A Union Pacific police officer gently turned away Price's friends as they tried to lay flowers on the spot where he died last night.
"A lot of people do walk on the tracks like it's just a sidewalk," student Bryan Reyes. "Kind of bothers me."
The kids say Price was doing what many others do and have done over the years -- walked near or on the railroad tracks after school. Only this time, investigators say Price and two friends were playing a game of "chicken" when Price was hit and killed by an Amtrak train. It's a game where the last one to jump off the tracks as a train approaches is the winner.
"We do regular announcements to remind students to stay off the tracks," Principal Tovi Scruggs said. "We do know high school kids know better and we know kids do things because they're kids."
Friday morning, Price's cap was found near the tracks.
Price was a good student, involved in leadership at San Lorenzo High. His friends say he had a kind word for everybody.
"He was always a loving person; he knew how to make everyone smile," student Natalie Alfaro said.

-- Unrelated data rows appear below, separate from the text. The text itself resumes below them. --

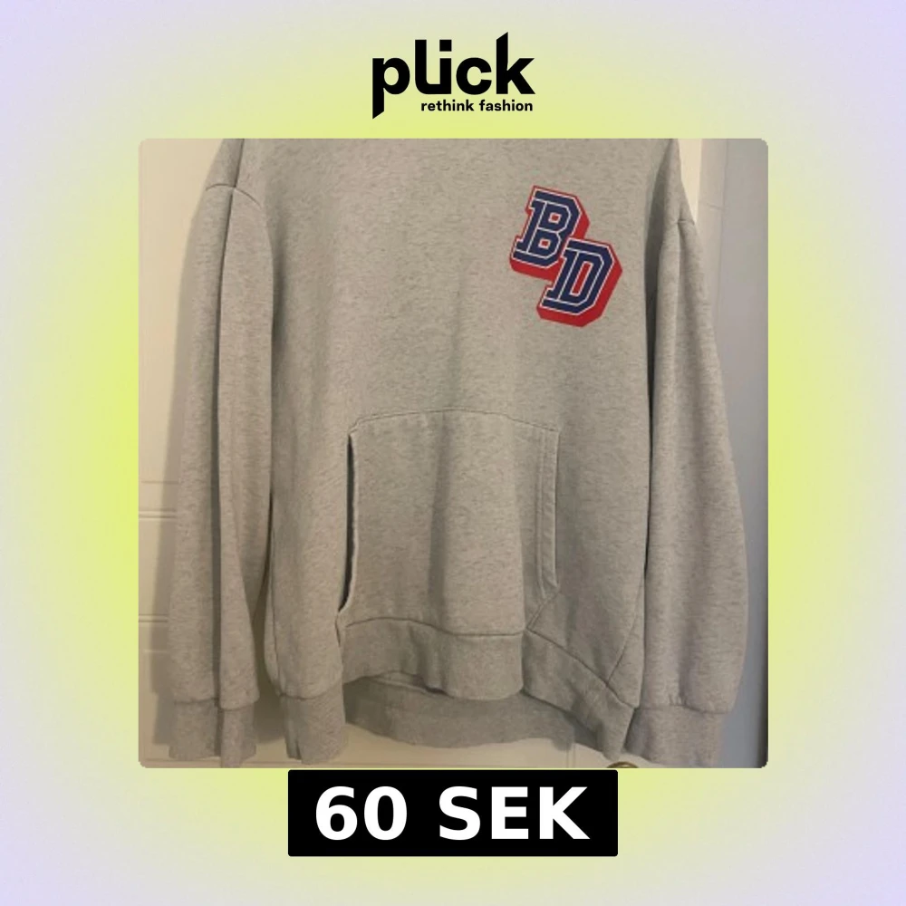 Snygg grå hoodie med stora BD-tryck i blått och rött både fram och bak. Perfekt för dig som gillar sportig och avslappnad stil. Långärmad och har en loose, oversize fit.
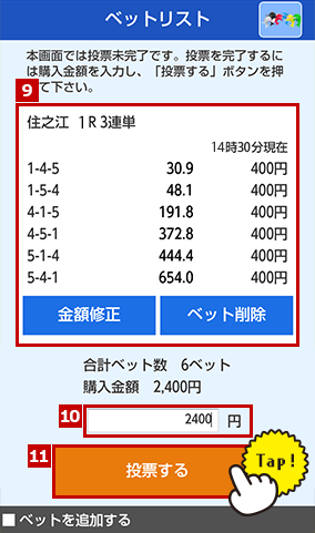 投票内容の確認と購入金額を入力します。
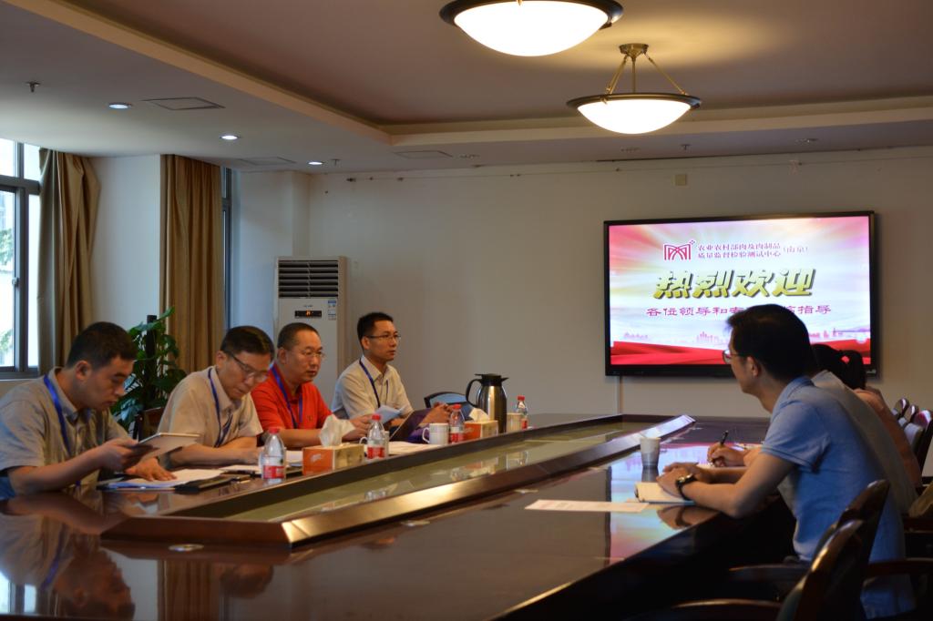 9月18日,国家认监委2019年度国家级资质认定检验检测机构专项检查组对农业农村部肉及肉制品质量监督检验测试中心(南京)[pp电子官方网站](以下简称“中心”)进行了为期一天的飞行检查。pp电子官方网站科学研究院实验室与平台处基地科科长李井葵、中心副主任王玮、中心质量负责人/业务室主任沈娟及业务室、理化室和微生物室等科室技术人员参加了检查组召开的首末次会议。
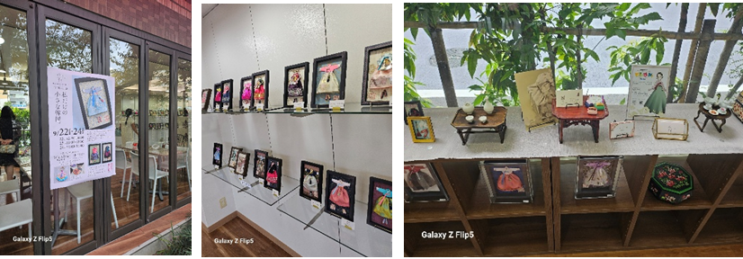 통신원의 방문 취재일에는 오픈과 맞물려 많은 관계자가 자리하고 있었는데, 15평 정도의 공간에 참가자와 관계자가 20명 정도 모여 있었고 실제 옷감과 재료를 사용해 작은 크기의 한복을 만든 뒤 액자에 넣은 작품을 전시하고 있었다. 마치 인형 옷과 같은 사이즈로 제작된 이 한복들은 디자인과 디테일적인 면에서 놀랍게도 실제 한복과 다른 점을 찾을 수 없었다. 또한 한복은 패션의 개념으로 입거나 실제 옷을 전시하는 개념이었지만 이번 전시에서는 작은 액자에 넣어 작품으로 전시함으로써 새로운 개념의, 마치 소품과 같은 인상을 줬다. 또한 전시장의 한 곳에 한복 만들기 체험 공간이 있었다. 이곳은 자연스럽게 만석이 됐다. 모두 관심 어린 표정으로 체험에 임하고 있는 점이 매우 흥미로웠다. 실제로 일본에서는 '한복'이라는 용어보다는 '치마저고리'라는 용어가 익숙하게 통용되고 있다. 또한 대장금과 같은 역사극이 인기를 끌면서 이 '치마저고리'에 대한 관심이 커진 결과이기도 하다.

"He was a very sweet boy, never had anything bad to say about anybody," student Dzenisa Tavakovic said.
Now, his friends and fellow students are left to mourn Price's death, and many say, learn from it.
"Hopefully teenagers will be more careful with their lives now," student Ashley Villacorta said.
Counselors were on hand Friday to help students. Many spent part of the day preparing a tribute for Price's family. His services are set for next Wednesday.